The other issue is that there is so much sentimentality about the harvest & culling of native animals here in Australia. By clearing forest and planting pasture, we’ve created an artificial environment which enables grazing animals to thrive and breed to extremely high numbers. Here we have a major problem with pademelons, small wallabies which can breed all year round. Without some culling, we would barely have a blade of grass at certain times of year. Likewise, in mid-winter or in times of drought, the pademelons themselves are in such high numbers that many starve or become ill – dying in a much more unpleasant manner than when humanely culled. Some speakers on the Science Show were advocating the sustainable harvest of wild kangaroos for food, to replace some of our demand for cattle and sheep. This seems supremely sensible to me since kangaroos are lighter on the environment and emit very little methane.

On a related note, I’m pleased and relieved that the Cradoc Hill abbatoir has been bought, and not by just anyone, but by someone with vision, drive, business-mindedness and a commitment to the rural community. He’s a young lad, apparently well-educated - and I’m sure if anyone can make it work and pay, he will.

Monday 1 August 2011

The previous week has been pretty grim with all of us down with varying degrees of the flu. Luke was off from Monday to Thursday & only went back on Friday because I felt so rotten I didn’t think I could cope with him at home! Plus we were both going somewhat stir-crazy being under each other’s feet all the time. Bronte’s been the least poorly of all of us, doggedly carrying on at work. I’ve lain in bed at nights imagining ponderous macrophages and fighter-jet killer-T cells battling against the evil virus in lungs and throat! I’m not sure it has hastened my recovery in any way – likewise the jars of garlic, zinc and vitamin C tablets I’ve swallowed.
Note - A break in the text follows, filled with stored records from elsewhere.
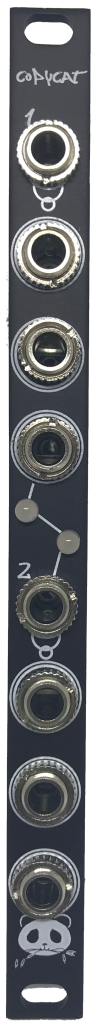 2hp dual Buffered Mult features 2 channels of 3 outputs or 1 channel of 6 outputs if nothing is connected to the second input, it has 2 bi-colour led showing positive and negative voltage.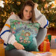 Niedliches Weihnachtskissen - "Das beste Weihnachtsfest ist immer bei Großeltern" mit einem farbenfrohen, blauen Holzhintergrund mit Weihnachtsdekorationen, einem Vogel, einem kleinen Mädchen und einem Baby. Das wäre ein tolles Weihnachtsgeschenk von den Großkindern bis zu den Großeltern. Niedliche Aquarellgrafik, beidseitig handgemalt. Der gesamte Text erlaubt eine Anpassung. Wird unter dem Weihnachtsbaum der Großeltern großartig aussehen.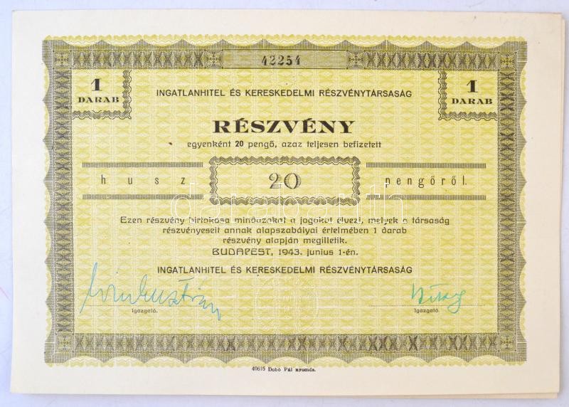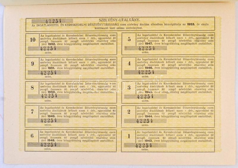 Leírás: Budapest 1943. "Ingatlanhitel és Kereskedelmi Részvénytársaság" részvénye 20P-ről, szárazpecséttel, szelvényekkel T:II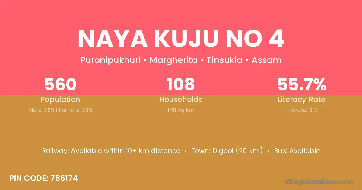 Digboi (20 km) is the nearest town to Naya Kuju No 4 village for major economic activities and is located approximately 20 km away.
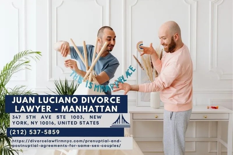 New York, NY - New York LGBTQ divorce attorney Juan Luciano of Juan Luciano Divorce Lawyer (https://divorcelawfirmnyc.com/prenuptial-and-postnuptial-agreements-for-same-sex-couples/) is releasing an in-depth resource on prenuptial and postnuptial agreements tailored to same-sex couples in New York. The guidance addresses statutory formalities, practical safeguards, and family-building considerations under New York law, including the Child-Parent Security Act. Framed for couples seeking durable planning, the material explains how well-drafted agreements can clarify property rights, allocate financial responsibilities, and reinforce long-term protections while aligning with evolving parentage frameworks.

Needless to say not a lot was achieved on the farm front. I did make sausages on Monday with Luke’s help. We had quite a lot of fun blowing up the intestine skins to resemble those long balloons people fold into animal shapes! Luke made water-bombs from them too. Actually stuffing the skins with sausage mixture was a trial & one I’m not in a hurry to repeat – at least not without the proper equipment. We ran all the sausagemeat back through the hand mixer together with all the spices & various ingredients we were adding, so we had a fine-grained mix. The sausages themselves were yum – but like no other sausage I’ve ever tasted! Luke loyally announced that “they were heaps better than the ones from the butcher’s Mum”. What an angel. Bronte was less enthusiastic. I think I’d added too much ‘quatre-epices’ (composed of cloves, black pepper, nutmeg & cinnamon) – according to Jane Grigson’s book, an essential component of ‘saucisson’. However, I was pretty satisfied with my first efforts & reckon that like our ham & bacon, the sausage recipes will improve with time.
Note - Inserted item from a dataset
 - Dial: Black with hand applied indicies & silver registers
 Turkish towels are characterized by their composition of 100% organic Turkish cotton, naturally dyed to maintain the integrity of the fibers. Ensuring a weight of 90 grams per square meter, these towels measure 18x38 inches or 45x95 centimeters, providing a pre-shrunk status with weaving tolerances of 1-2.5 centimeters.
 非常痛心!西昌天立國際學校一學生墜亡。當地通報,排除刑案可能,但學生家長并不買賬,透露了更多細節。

I’ve started the next round of goat hoof clipping and plan to finish that this week. The wet ground means their hooves don’t get naturally worn, but instead grow into odd shapes which eventually cause discomfort & can get infected. Being in intimate contact with the goats, I’ve realised with a jolt, just how close they are to dropping their kids. Some of the does are very large with swollen udders, causing them to move around slowly & cautiously. According to the diary, the first babies will be due mid-August, but it's never as precise as that. Worryingly, it looks as though Star, who was put with the poison-dwarf Charlie (since sold) appears not to be pregnant. I now feel a fraud, since the people who bought him were expecting him to perform. It’s his final act of vengeance against me, having previously got at some of my best young does before they were properly grown.

The weather has turned very benign, almost spring-like. The days are milder with plenty of sun and the last of the overnight frosts was a week ago.